Task: Exclude the pictures and repeat all of the data exactly.

Exercise data:
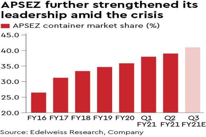 With economic recovery gathering steam, we expect the demand momentum to sustain. Moreover, APSEZ continues to hike tariff in the marine business (seasonal hike in January) as well as contracted customers (70% volumes; hike in March), in line with WPI inflation of ~3%. Thus, we believe, Covid-19 has further entrenched APSEZ’s dominance, which will enable this growth juggernaut to continue to roll.
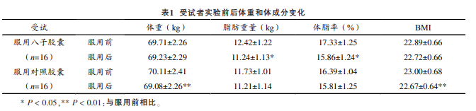 國家體育總局運(yùn)動(dòng)醫(yī)學(xué)研究所的一項(xiàng)針對男子足球運(yùn)動(dòng)員賽前準(zhǔn)備期和比賽期血液生化指標(biāo)和運(yùn)動(dòng)能力的研究表明,服用八子補(bǔ)腎膠囊受試者實(shí)驗(yàn)后,脂肪重量和體脂率較實(shí)驗(yàn)前明顯降低[3](見表1)。
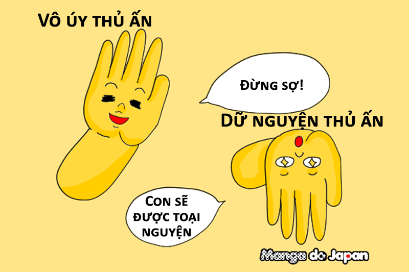 Vô úy thủ ấn (施無畏印 / せむいいん) và Dữ nguyện thủ ấn (与願印 / よがんいん) thường đi chung với nhau (như ở Đại Phật đài Nara).
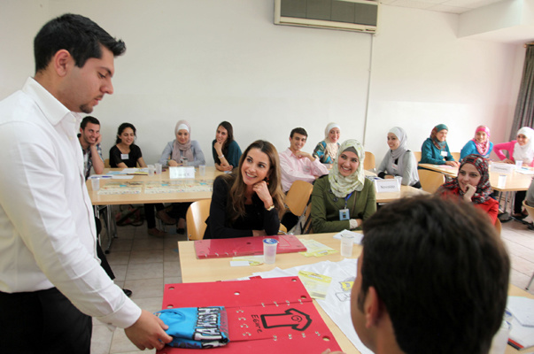 التقت الملكة رانيا العبدالله في الجامعة الألمانية الأردنية مجموعة من طلبة الجامعات المشاركين في إحدى ورش التدريب التي تنظمها مؤسسة إنجاز في إطار برنامجها "الشركة" الممول من قبل وزارة التخطيط والتعاون الدولي، ويهدف إلى بناء قدرات الشباب وتعزيز مهارات العمل لديهم وتشجيعهم على العمل الحر وابتكار فرص عمل جديدة وغير تقليدية.

Reply:
 With economic recovery gathering steam, we expect the demand momentum to sustain. Moreover, APSEZ continues to hike tariff in the marine business (seasonal hike in January) as well as contracted customers (70% volumes; hike in March), in line with WPI inflation of ~3%. Thus, we believe, Covid-19 has further entrenched APSEZ’s dominance, which will enable this growth juggernaut to continue to roll.
 國家體育總局運(yùn)動(dòng)醫(yī)學(xué)研究所的一項(xiàng)針對男子足球運(yùn)動(dòng)員賽前準(zhǔn)備期和比賽期血液生化指標(biāo)和運(yùn)動(dòng)能力的研究表明,服用八子補(bǔ)腎膠囊受試者實(shí)驗(yàn)后,脂肪重量和體脂率較實(shí)驗(yàn)前明顯降低[3](見表1)。
 Vô úy thủ ấn (施無畏印 / せむいいん) và Dữ nguyện thủ ấn (与願印 / よがんいん) thường đi chung với nhau (như ở Đại Phật đài Nara).
 التقت الملكة رانيا العبدالله في الجامعة الألمانية الأردنية مجموعة من طلبة الجامعات المشاركين في إحدى ورش التدريب التي تنظمها مؤسسة إنجاز في إطار برنامجها "الشركة" الممول من قبل وزارة التخطيط والتعاون الدولي، ويهدف إلى بناء قدرات الشباب وتعزيز مهارات العمل لديهم وتشجيعهم على العمل الحر وابتكار فرص عمل جديدة وغير تقليدية.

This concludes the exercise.